(How to complete this task): Everything from the line containing "- 【Tumbler &" through the last line of the data below is to be retyped exactly, apart from the pictures.

(Source data):
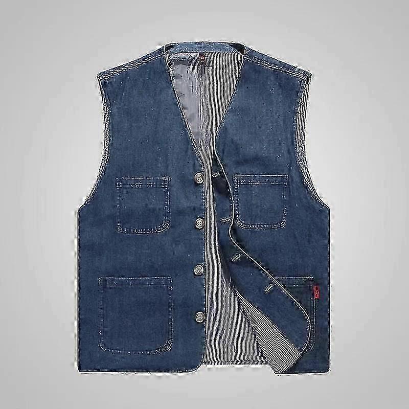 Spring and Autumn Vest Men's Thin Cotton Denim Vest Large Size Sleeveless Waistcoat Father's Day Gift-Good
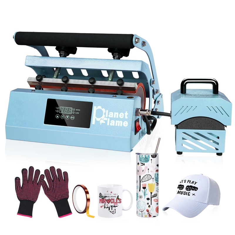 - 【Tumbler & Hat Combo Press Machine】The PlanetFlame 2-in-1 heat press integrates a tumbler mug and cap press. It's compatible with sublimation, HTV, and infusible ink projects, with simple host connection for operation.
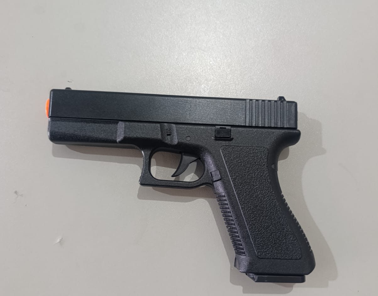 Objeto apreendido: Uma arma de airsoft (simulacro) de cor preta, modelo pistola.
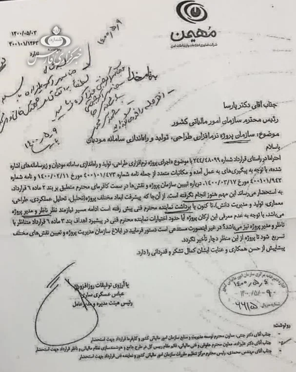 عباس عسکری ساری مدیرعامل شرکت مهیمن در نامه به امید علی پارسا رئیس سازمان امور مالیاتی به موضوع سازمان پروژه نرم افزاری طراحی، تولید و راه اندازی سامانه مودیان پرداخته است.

(Solution):
 - 【Tumbler & Hat Combo Press Machine】The PlanetFlame 2-in-1 heat press integrates a tumbler mug and cap press. It's compatible with sublimation, HTV, and infusible ink projects, with simple host connection for operation.
 Objeto apreendido: Uma arma de airsoft (simulacro) de cor preta, modelo pistola.
 عباس عسکری ساری مدیرعامل شرکت مهیمن در نامه به امید علی پارسا رئیس سازمان امور مالیاتی به موضوع سازمان پروژه نرم افزاری طراحی، تولید و راه اندازی سامانه مودیان پرداخته است.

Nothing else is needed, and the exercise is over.